§ Your goal:
With the pictures removed, set down all of the entries below exactly.

————

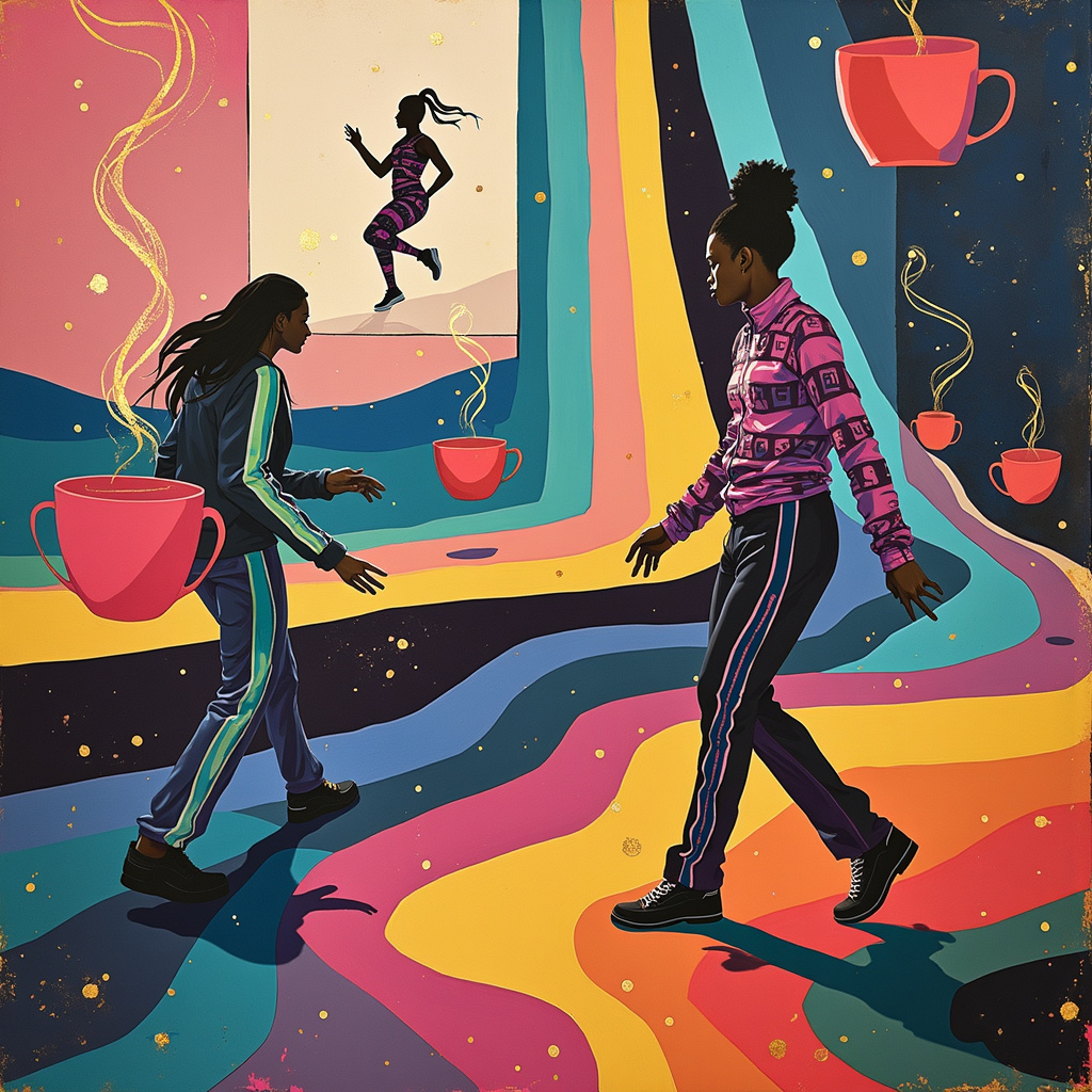 To one side, an activewear-clad figure, their form echoing the gestural brushstrokes of de Kooning, appears mid-dance. This figure wears a vibrant tracksuit covered in Pollock-like splatters of neon pink, yellow, and green paint. They are energetically moving to an unseen rhythm, an ode to Beyonce’s dynamic presence. Near them, a second figure stands tall and strong, symbolizing feminism, their stance powerful and confident, outlined in a bold, singular line like Malevich's works.
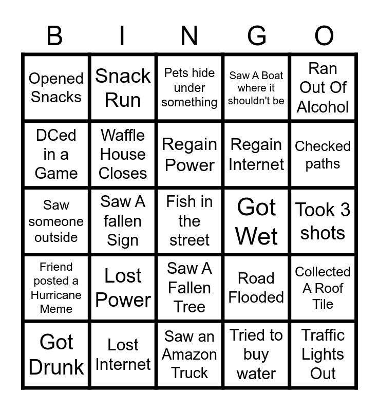 This bingo card has a free space and 24 words: Lost Power, Lost Internet, Regain Power, Got Drunk, Ran Out Of Alcohol, Opened Snacks, DCed in a Game, Snack Run, Got Wet, Saw A Fallen Tree, Regain Internet, Saw someone outside, Road Flooded, Collected A Roof Tile, Waffle House Closes, Tried to buy water, Took 3 shots, Pets hide under something, Checked paths, Saw A fallen Sign, Traffic Lights Out, Friend posted a Hurricane Meme, Saw A Boat where it shouldn't be and Saw an Amazon Truck.
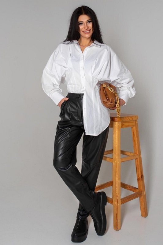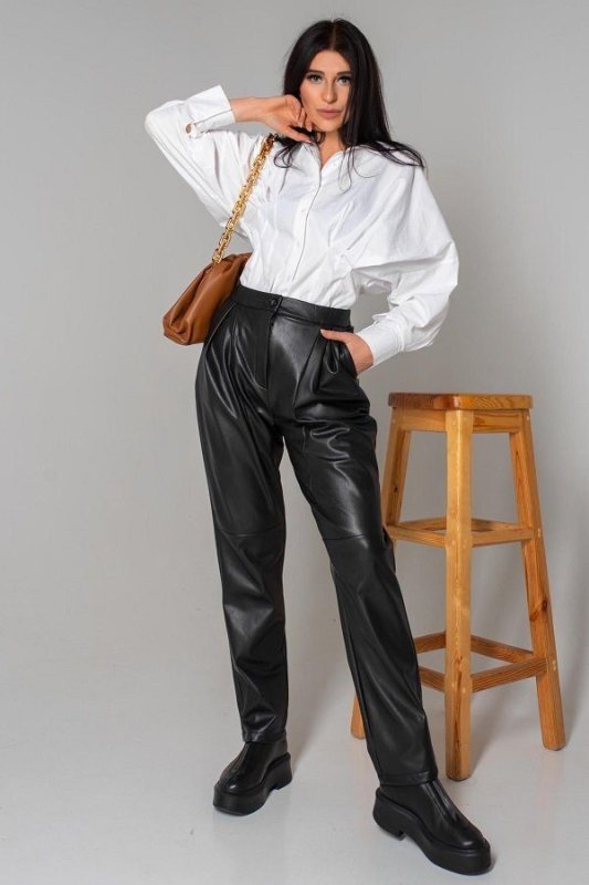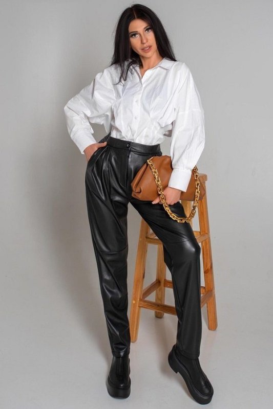 Взимку будуть особливо зручні утеплені штани на хутрі. Наша нова модель шкіряних штанів (екошкіра на хутрі) відрізняється зручністю і практичністю. Штани з середньою посадкою (на талії), з гульфіком і ґудзиком. Практичності додадуть дві бічні кишені. М'які защипи по поясу додадуть Вашому образу жіночності. Така модель брюк візуально звужує талію і підкреслює спокусливу округлість стегон. Така модель брюк буде доречно виглядати і в офісі і на вечірній прогулянці.
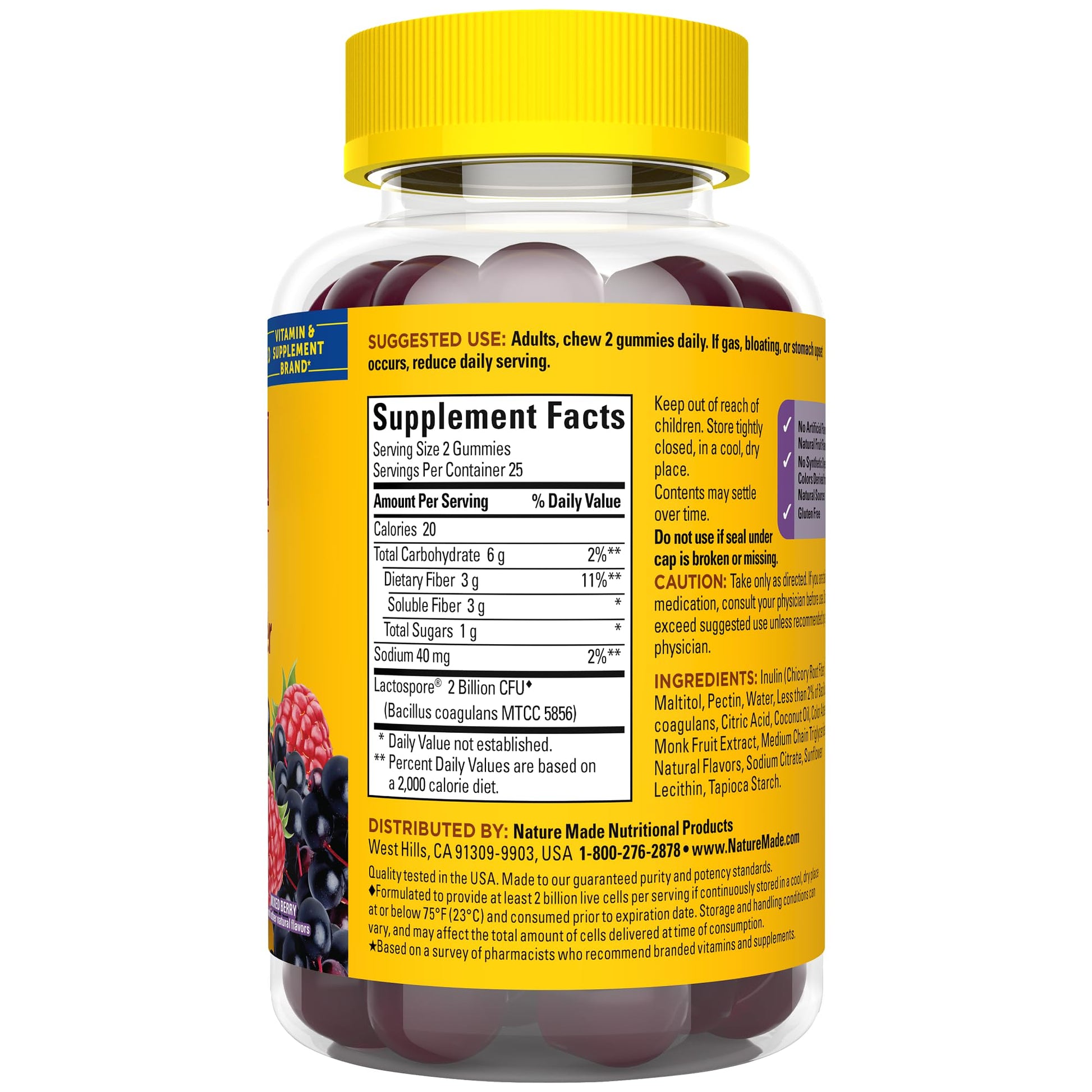 Nature Made Probiotic + Prebiotic Fiber Gummies, Gut Health, Fiber Supplement and Probiotics for Digestive Health, 50 Gummies, 25 Day Supply
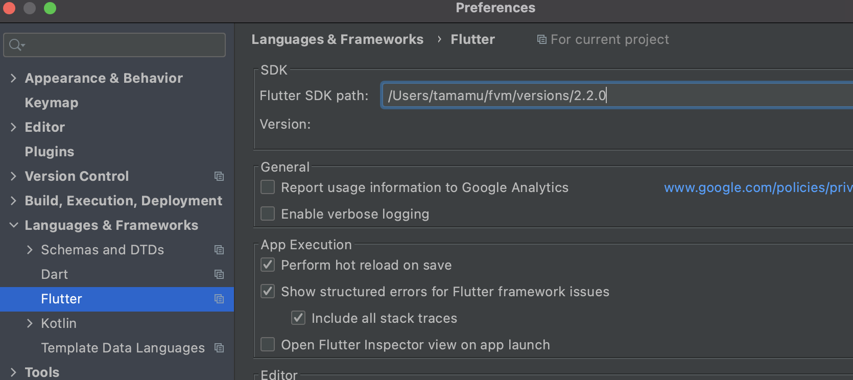 Preferences -> Languages & Frameworks -> Flutter -> SDKに上記のインストール先のパスを設定します。
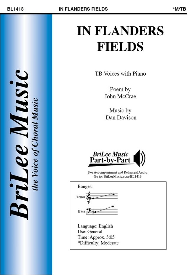 In Flanders Fields by Dan Davison is a powerful tenor–bass setting of the iconic World War I poem. A beautifully haunting piano accompaniment supports long, sustained vocal lines that encourage tone development and expressive singing. Thoughtfully written for developing tenor–bass choirs, this arrangement provides both musical challenge and a moving sense of reflection and honor. Also available for SA(T)B voices (BL1434).
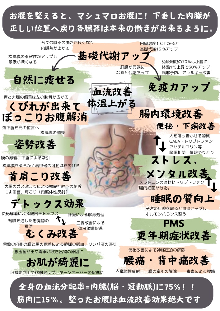 他の臓器も全て連動して身体を作っているので、腸もみ+胃、肝臓、横隔膜、腎臓、胆嚢、生殖器、等にもアプローチは必須なのです。
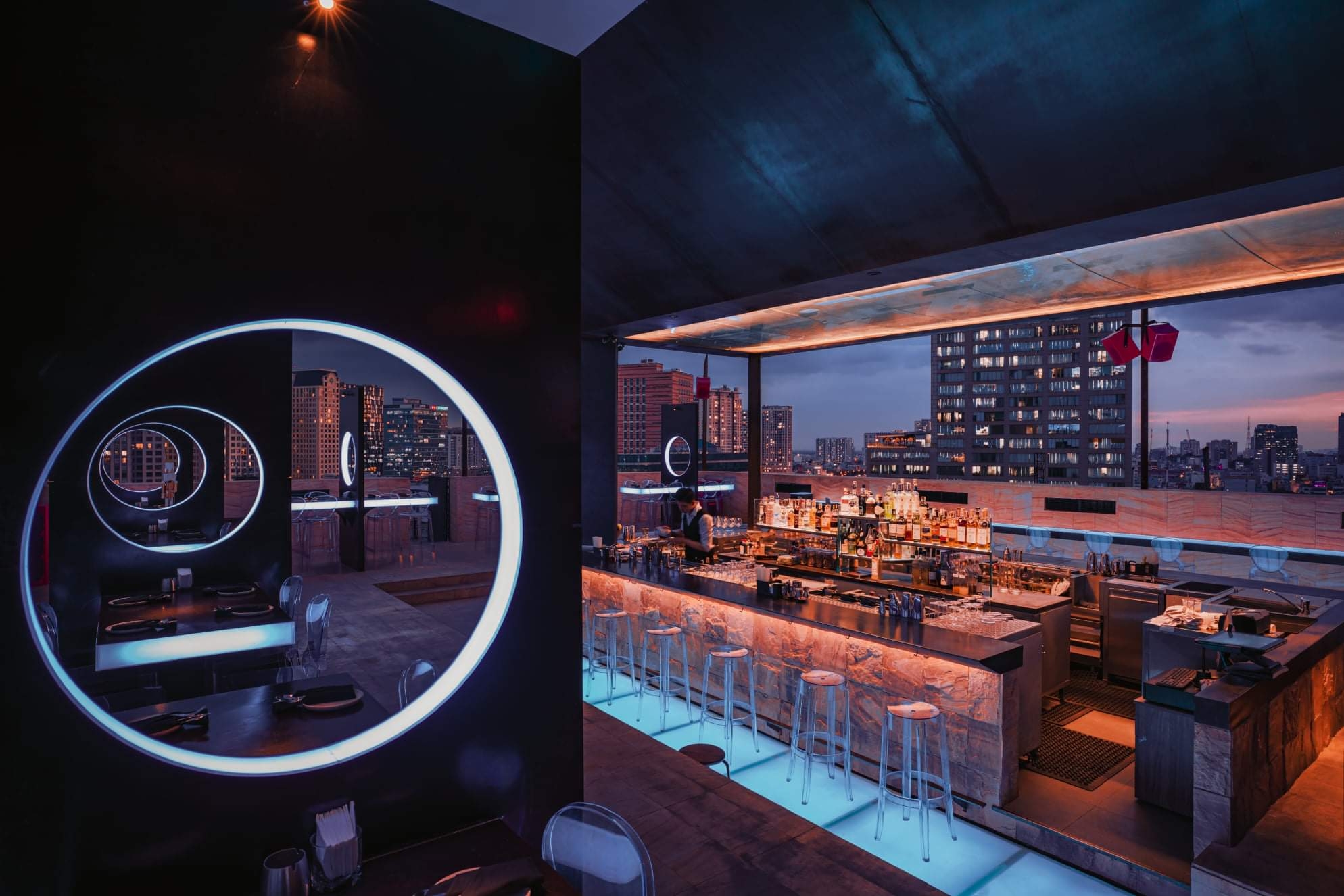 Entry DescriptionZion Sky Lounge & Dining is a unique project in the centre of Ho Chi Minh City, Vietnam initiating a Post Apocalyptic style with lighting acting as the essential factor to highlight the architecture and interior.
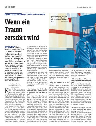 Interview. Klaus Stocker ist ehemaliger Trainer der Damenfußballmannschaft SPG FC Lustenau/FC Dornbirn. Trotz guter sportlicher Leistungen wurde er vor Kurzem von seinem Amt freigestellt, weil nach den Geschehnissen in Dornbirn rund um einen Funktionär ein neuer Weg eingeschlagen werden soll.
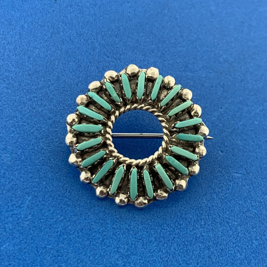 Vintage Native American 925 Sterling Silver Turquoise Petit Point Pendant Brooch
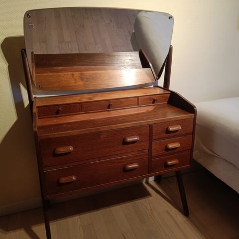 Denne kommode med justerbart spejl er et smukt eksempel på dansk design fra 1960'erne. Lavet af teaktræ, der kendetegner dette populære træ materiale. Med to store skuffer og tre mindre skuffer tilbyder den rigelig opbevaringsplads til tøj, smykker og andre personlige ejendele.
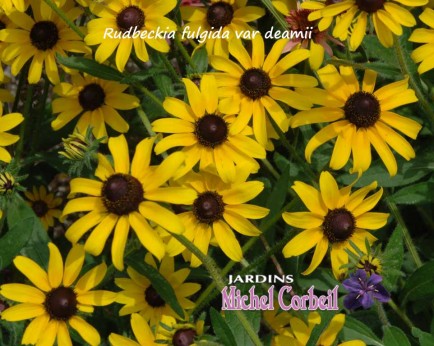 La rudbeckie orangée (Rudbeckia fulgida) est l’une des plantes vivaces les plus utilisées dans nos aménagements. Très rustique (zone 3), facile de culture et à longue floraison, peu affectée par les maladies et les ravageurs, cette espèce a également quelques sous-espèces et cultivars intéressants. La Rudbeckia fulgida var. deamii est un plant plus petit, aux feuilles un peu plus étroites et dentées. Les tiges feuillées portant les capitules, de 7,5 cm de diamètre, aux rayons jaune teinté d’orange, mesurent 60 à 70 cm de hauteur; le plant s’étale sur 40 à 50 cm. La floraison débute en juillet et se prolonge jusqu’au début ou à la mi septembre.
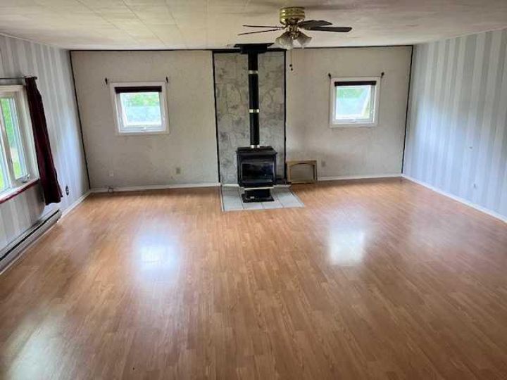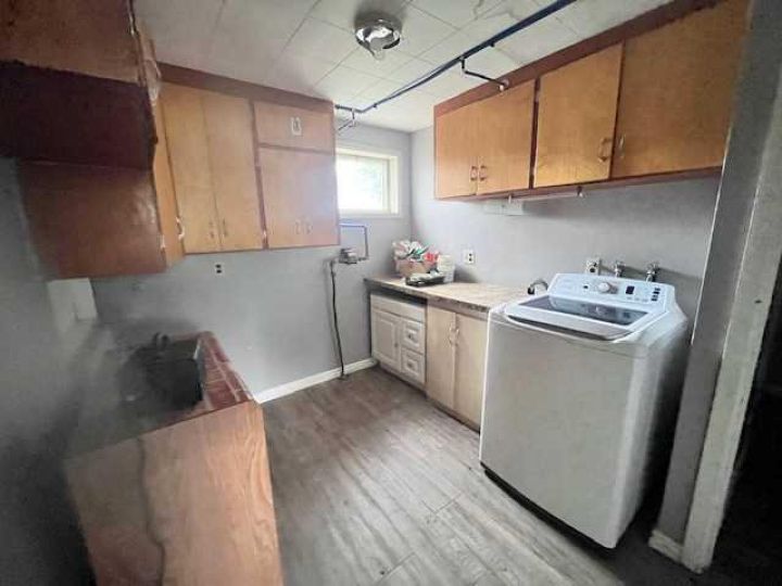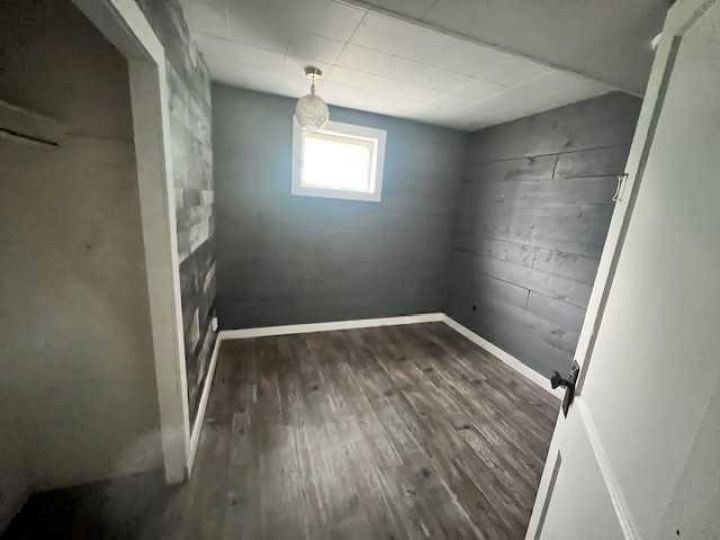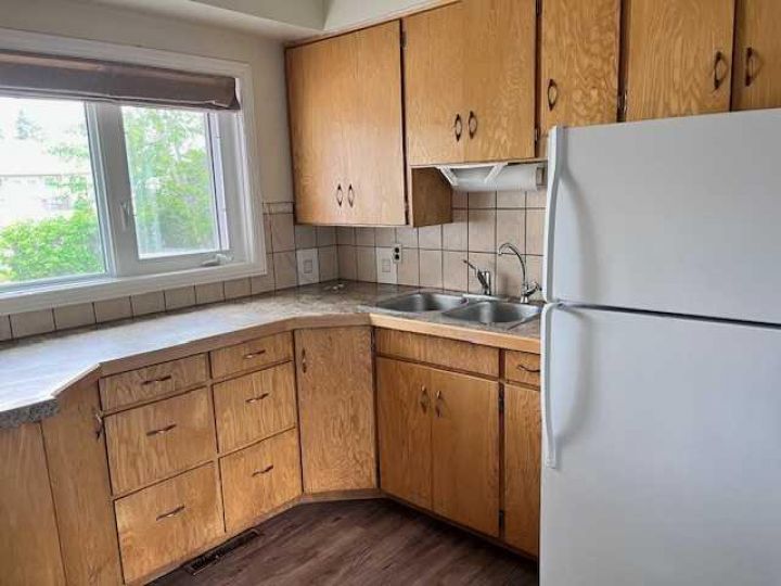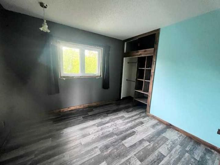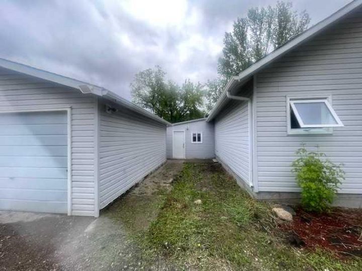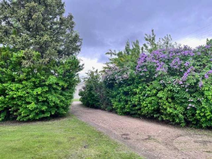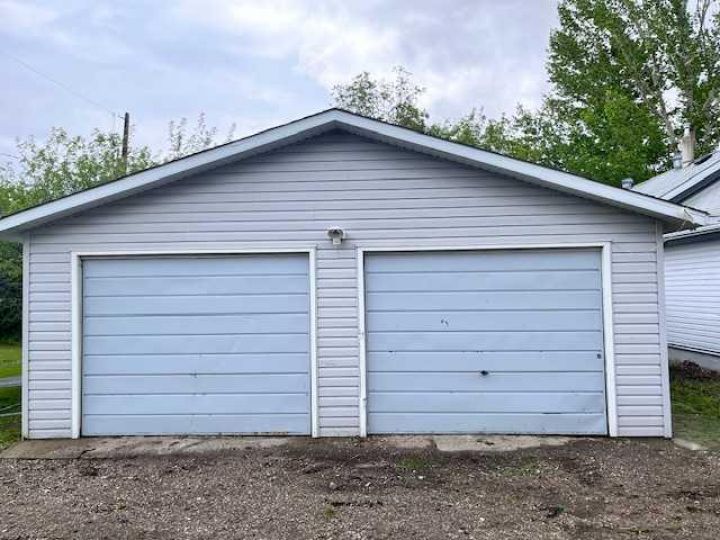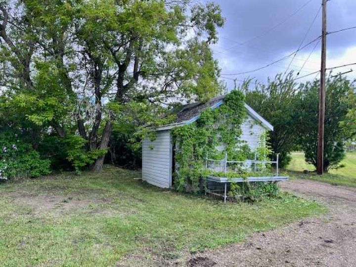 Cute bungalow in the town of Neilburg, this home features a large family room with a gas stove, there are 2 bedrooms up and 2 bedrooms down with 2 bathrooms There is a double detached garage on a big lot with mature trees and lots of lilac bushes lining the driveway. Shed in the yard

————

§ Response:
 To one side, an activewear-clad figure, their form echoing the gestural brushstrokes of de Kooning, appears mid-dance. This figure wears a vibrant tracksuit covered in Pollock-like splatters of neon pink, yellow, and green paint. They are energetically moving to an unseen rhythm, an ode to Beyonce’s dynamic presence. Near them, a second figure stands tall and strong, symbolizing feminism, their stance powerful and confident, outlined in a bold, singular line like Malevich's works.
 This bingo card has a free space and 24 words: Lost Power, Lost Internet, Regain Power, Got Drunk, Ran Out Of Alcohol, Opened Snacks, DCed in a Game, Snack Run, Got Wet, Saw A Fallen Tree, Regain Internet, Saw someone outside, Road Flooded, Collected A Roof Tile, Waffle House Closes, Tried to buy water, Took 3 shots, Pets hide under something, Checked paths, Saw A fallen Sign, Traffic Lights Out, Friend posted a Hurricane Meme, Saw A Boat where it shouldn't be and Saw an Amazon Truck.
 Взимку будуть особливо зручні утеплені штани на хутрі. Наша нова модель шкіряних штанів (екошкіра на хутрі) відрізняється зручністю і практичністю. Штани з середньою посадкою (на талії), з гульфіком і ґудзиком. Практичності додадуть дві бічні кишені. М'які защипи по поясу додадуть Вашому образу жіночності. Така модель брюк візуально звужує талію і підкреслює спокусливу округлість стегон. Така модель брюк буде доречно виглядати і в офісі і на вечірній прогулянці.
 Nature Made Probiotic + Prebiotic Fiber Gummies, Gut Health, Fiber Supplement and Probiotics for Digestive Health, 50 Gummies, 25 Day Supply
 Preferences -> Languages & Frameworks -> Flutter -> SDKに上記のインストール先のパスを設定します。
 In Flanders Fields by Dan Davison is a powerful tenor–bass setting of the iconic World War I poem. A beautifully haunting piano accompaniment supports long, sustained vocal lines that encourage tone development and expressive singing. Thoughtfully written for developing tenor–bass choirs, this arrangement provides both musical challenge and a moving sense of reflection and honor. Also available for SA(T)B voices (BL1434).
 他の臓器も全て連動して身体を作っているので、腸もみ+胃、肝臓、横隔膜、腎臓、胆嚢、生殖器、等にもアプローチは必須なのです。
 Entry DescriptionZion Sky Lounge & Dining is a unique project in the centre of Ho Chi Minh City, Vietnam initiating a Post Apocalyptic style with lighting acting as the essential factor to highlight the architecture and interior.
 Interview. Klaus Stocker ist ehemaliger Trainer der Damenfußballmannschaft SPG FC Lustenau/FC Dornbirn. Trotz guter sportlicher Leistungen wurde er vor Kurzem von seinem Amt freigestellt, weil nach den Geschehnissen in Dornbirn rund um einen Funktionär ein neuer Weg eingeschlagen werden soll.
 Vintage Native American 925 Sterling Silver Turquoise Petit Point Pendant Brooch
 Denne kommode med justerbart spejl er et smukt eksempel på dansk design fra 1960'erne. Lavet af teaktræ, der kendetegner dette populære træ materiale. Med to store skuffer og tre mindre skuffer tilbyder den rigelig opbevaringsplads til tøj, smykker og andre personlige ejendele.
 La rudbeckie orangée (Rudbeckia fulgida) est l’une des plantes vivaces les plus utilisées dans nos aménagements. Très rustique (zone 3), facile de culture et à longue floraison, peu affectée par les maladies et les ravageurs, cette espèce a également quelques sous-espèces et cultivars intéressants. La Rudbeckia fulgida var. deamii est un plant plus petit, aux feuilles un peu plus étroites et dentées. Les tiges feuillées portant les capitules, de 7,5 cm de diamètre, aux rayons jaune teinté d’orange, mesurent 60 à 70 cm de hauteur; le plant s’étale sur 40 à 50 cm. La floraison débute en juillet et se prolonge jusqu’au début ou à la mi septembre.
 Cute bungalow in the town of Neilburg, this home features a large family room with a gas stove, there are 2 bedrooms up and 2 bedrooms down with 2 bathrooms There is a double detached garage on a big lot with mature trees and lots of lilac bushes lining the driveway. Shed in the yard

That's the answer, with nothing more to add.